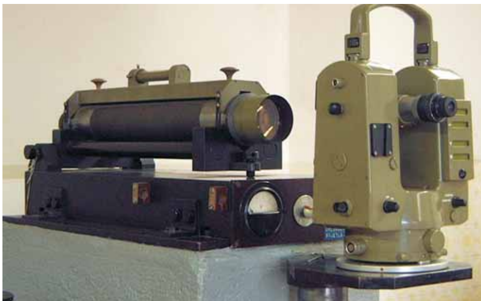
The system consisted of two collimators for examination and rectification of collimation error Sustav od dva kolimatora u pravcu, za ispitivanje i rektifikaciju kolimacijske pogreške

...

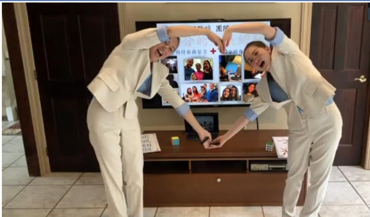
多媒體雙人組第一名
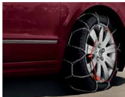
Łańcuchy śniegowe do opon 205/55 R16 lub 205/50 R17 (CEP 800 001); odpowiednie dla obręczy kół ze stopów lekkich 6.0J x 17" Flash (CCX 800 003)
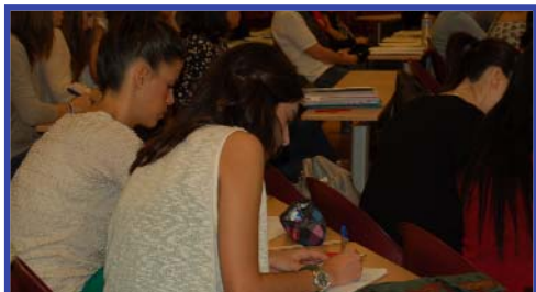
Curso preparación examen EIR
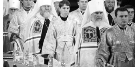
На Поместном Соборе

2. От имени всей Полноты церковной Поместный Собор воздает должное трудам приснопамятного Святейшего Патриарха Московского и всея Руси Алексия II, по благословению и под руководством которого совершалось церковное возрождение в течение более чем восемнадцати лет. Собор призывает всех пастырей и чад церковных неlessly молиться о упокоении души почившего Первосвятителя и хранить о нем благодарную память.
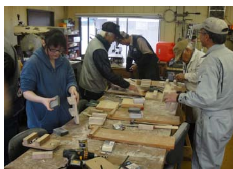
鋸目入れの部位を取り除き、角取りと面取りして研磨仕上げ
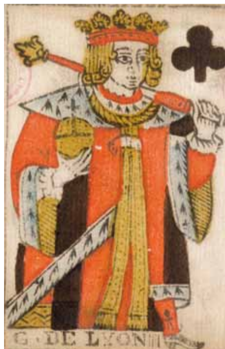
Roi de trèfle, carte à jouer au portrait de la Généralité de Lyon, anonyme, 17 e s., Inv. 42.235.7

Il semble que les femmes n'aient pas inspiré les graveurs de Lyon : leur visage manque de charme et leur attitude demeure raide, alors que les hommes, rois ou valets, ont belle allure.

# [TASK INSTRUCTIONS]
Reproduce the listing above from the line that holds "鋸目入れの部位を取り除き、角取りと面取りして研磨仕上げ" through the line that holds "Il semble que", both included, with the pictures left out.

# [ANSWER AREA]
鋸目入れの部位を取り除き、角取りと面取りして研磨仕上げ
Roi de trèfle, carte à jouer au portrait de la Généralité de Lyon, anonyme, 17 e s., Inv. 42.235.7

Il semble que les femmes n'aient pas inspiré les graveurs de Lyon : leur visage manque de charme et leur attitude demeure raide, alors que les hommes, rois ou valets, ont belle allure.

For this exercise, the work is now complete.